Somebody help me!!! After at least 3 to 4 years, yeah years, DH decided to pop up the ol Trail Manor camper. Let me tell you that the mice have been having a real good time!!! For Pete's sake I had to use a scraper to remove the yuck from the corners of the floor. So after spending a few days cleaning with Pine Sol and scrubbers, I have finally gotten to the soft stuff. The cushions are so stinky! :yuck: I have used upholstery cleaner, but that really didn't do much. I wanted to take the covers off, but, that is a no go. They don't come off. So come on somebody tell me that there is a solution!!!:facepalm: Please, I am begging.
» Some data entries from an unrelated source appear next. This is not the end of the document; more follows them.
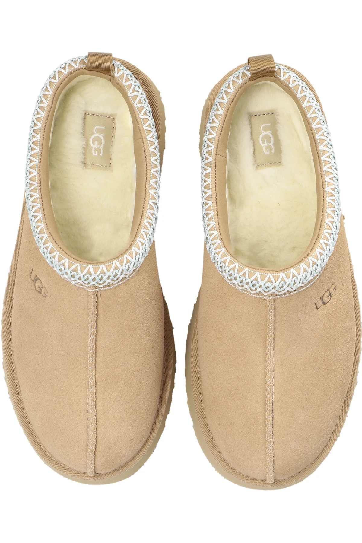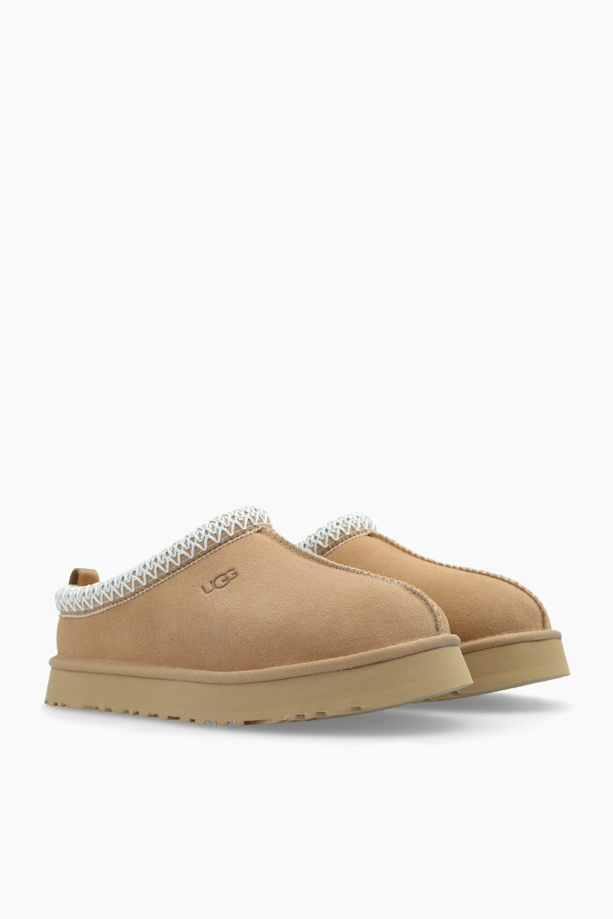 Beige ‘Tazz’ slides from UGG Kids. Made of suede, this pair features decorative stitches in white and blue, dark brown embossed logo, UGGplush™ insulation and light brown textured EVA sole.
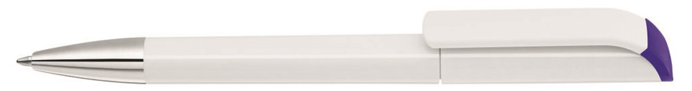 Drehkugelschreiber mit gedeckt glänzendem Gehäuse in weiß, farbig glänzendem Stopfen und Spitze glanzverchromt.
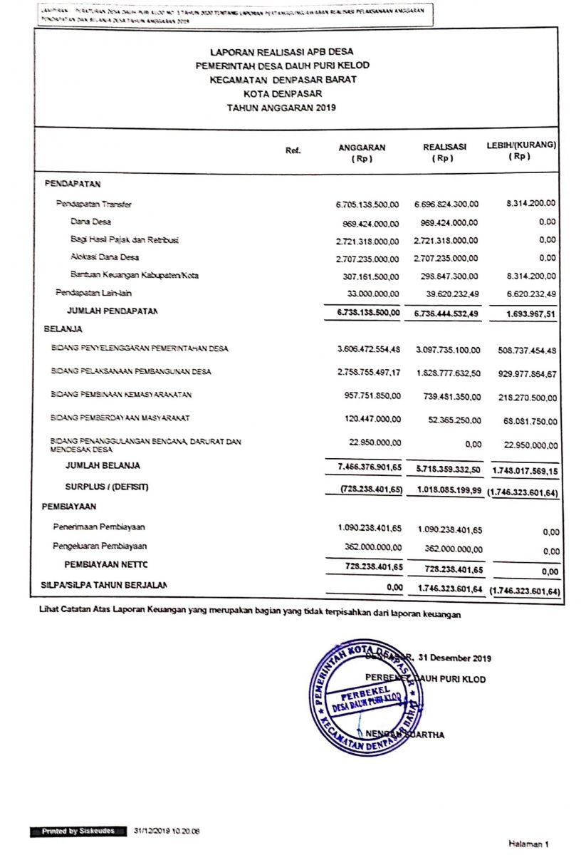 LAPORAN REALISASI APB DESA PEMERINTAHAN DESA DAUH PURI KLOD TAHUN ANGGARAN 2020

I have got fabric spray, but I am afraid that this is way beyond that, at least for now.
Would vinegar help at all? Will it eat the foam under the covers? Am I doomed to have to make new cushions? Say it isn't so.... Any way thanks so much for all your help. I know that if there is any thing that will help the good folks on HT will have an answer!


----------



## Molly Mckee (Jul 8, 2006)

Mice can carry hauntavirus and many other things, be careful. You should wear a mask and gloves. If I remember right bleach will kill it, but check that.
Since the dust from droppings can carry the disease, I'd throw all the fabric and cushions away and replace. Saving money is not worth risking your life!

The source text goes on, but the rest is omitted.